Work order:
An exact copy of the lines of the listing below between the "江蘇徐州卷煙廠出品于上世紀9" line and the "- THE PERSONAL" line, both included, is the whole answer; please omit the pictures.

Provided records:
○ ○ ○

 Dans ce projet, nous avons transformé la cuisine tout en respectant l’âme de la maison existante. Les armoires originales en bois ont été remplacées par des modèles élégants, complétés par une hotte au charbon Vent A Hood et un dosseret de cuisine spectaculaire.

○ ○ ○

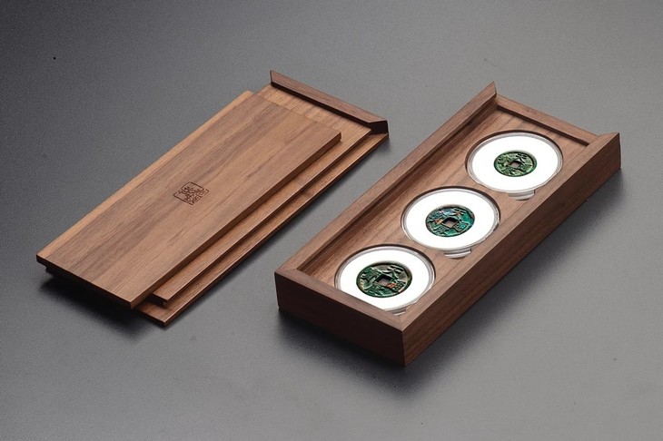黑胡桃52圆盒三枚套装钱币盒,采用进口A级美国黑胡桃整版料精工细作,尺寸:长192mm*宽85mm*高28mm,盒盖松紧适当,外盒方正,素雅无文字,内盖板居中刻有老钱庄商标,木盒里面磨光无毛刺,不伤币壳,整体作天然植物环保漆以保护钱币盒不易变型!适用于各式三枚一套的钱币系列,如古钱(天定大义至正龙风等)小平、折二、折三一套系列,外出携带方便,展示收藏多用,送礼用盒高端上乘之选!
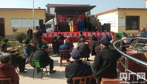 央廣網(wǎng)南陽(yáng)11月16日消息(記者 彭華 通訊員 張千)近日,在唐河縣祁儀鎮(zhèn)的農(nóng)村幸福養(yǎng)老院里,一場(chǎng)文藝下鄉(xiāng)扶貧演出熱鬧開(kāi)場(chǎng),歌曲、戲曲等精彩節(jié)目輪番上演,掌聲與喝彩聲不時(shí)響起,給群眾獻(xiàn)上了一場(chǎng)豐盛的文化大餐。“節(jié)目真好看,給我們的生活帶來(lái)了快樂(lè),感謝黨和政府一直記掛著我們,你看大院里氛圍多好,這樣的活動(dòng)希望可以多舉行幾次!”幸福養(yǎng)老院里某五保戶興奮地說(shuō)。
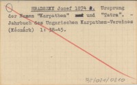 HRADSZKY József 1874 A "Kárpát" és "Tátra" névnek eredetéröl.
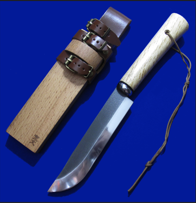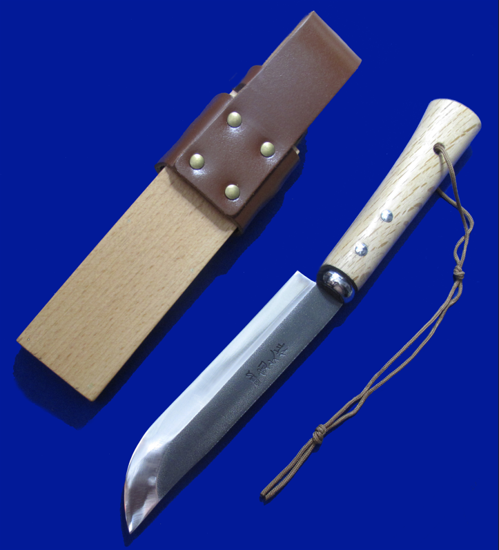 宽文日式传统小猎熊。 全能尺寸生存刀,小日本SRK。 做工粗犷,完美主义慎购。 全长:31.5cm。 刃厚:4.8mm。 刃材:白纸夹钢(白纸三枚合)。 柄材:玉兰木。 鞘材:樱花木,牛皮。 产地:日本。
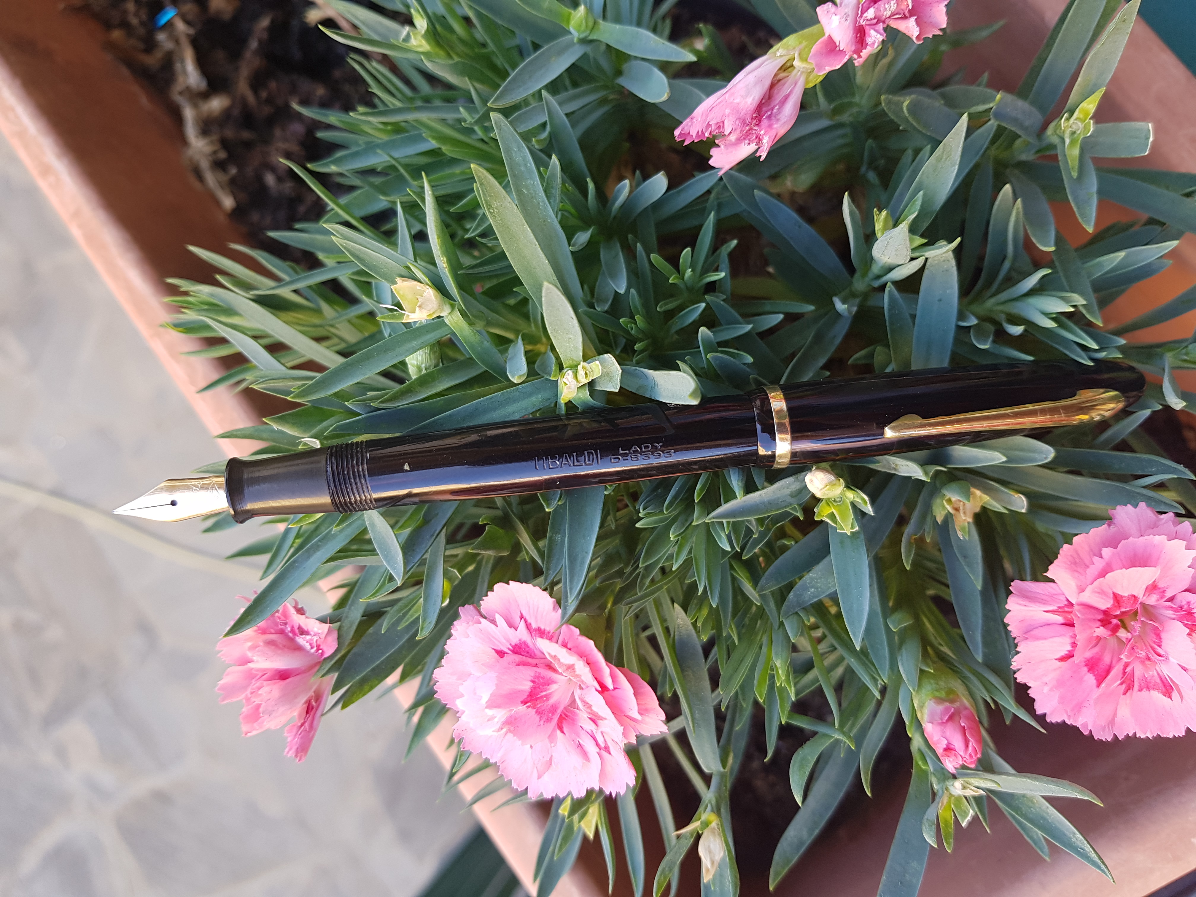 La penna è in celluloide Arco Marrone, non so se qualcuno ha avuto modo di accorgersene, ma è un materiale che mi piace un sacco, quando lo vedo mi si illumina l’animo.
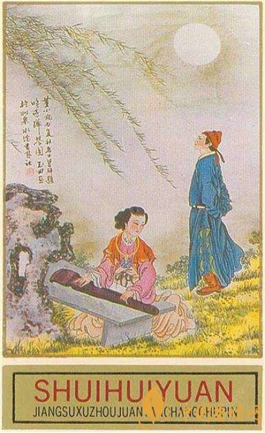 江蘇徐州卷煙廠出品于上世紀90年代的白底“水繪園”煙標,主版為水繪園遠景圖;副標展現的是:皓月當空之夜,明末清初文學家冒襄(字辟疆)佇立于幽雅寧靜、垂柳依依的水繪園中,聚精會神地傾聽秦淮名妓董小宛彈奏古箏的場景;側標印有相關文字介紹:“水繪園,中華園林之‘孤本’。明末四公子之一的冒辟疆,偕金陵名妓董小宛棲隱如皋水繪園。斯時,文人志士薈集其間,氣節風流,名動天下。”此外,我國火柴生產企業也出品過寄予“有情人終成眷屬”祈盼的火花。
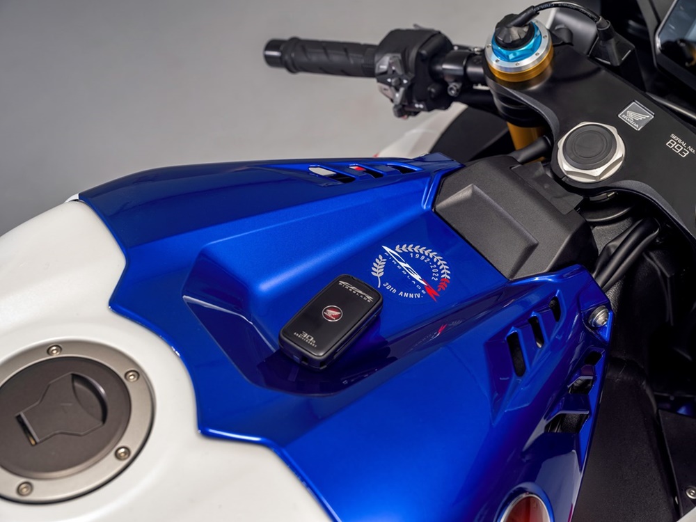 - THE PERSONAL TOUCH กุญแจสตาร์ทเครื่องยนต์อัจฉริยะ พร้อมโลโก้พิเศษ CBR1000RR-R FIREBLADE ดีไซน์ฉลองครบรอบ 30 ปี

○ ○ ○

Solution for this task:
 江蘇徐州卷煙廠出品于上世紀90年代的白底“水繪園”煙標,主版為水繪園遠景圖;副標展現的是:皓月當空之夜,明末清初文學家冒襄(字辟疆)佇立于幽雅寧靜、垂柳依依的水繪園中,聚精會神地傾聽秦淮名妓董小宛彈奏古箏的場景;側標印有相關文字介紹:“水繪園,中華園林之‘孤本’。明末四公子之一的冒辟疆,偕金陵名妓董小宛棲隱如皋水繪園。斯時,文人志士薈集其間,氣節風流,名動天下。”此外,我國火柴生產企業也出品過寄予“有情人終成眷屬”祈盼的火花。
 - THE PERSONAL TOUCH กุญแจสตาร์ทเครื่องยนต์อัจฉริยะ พร้อมโลโก้พิเศษ CBR1000RR-R FIREBLADE ดีไซน์ฉลองครบรอบ 30 ปี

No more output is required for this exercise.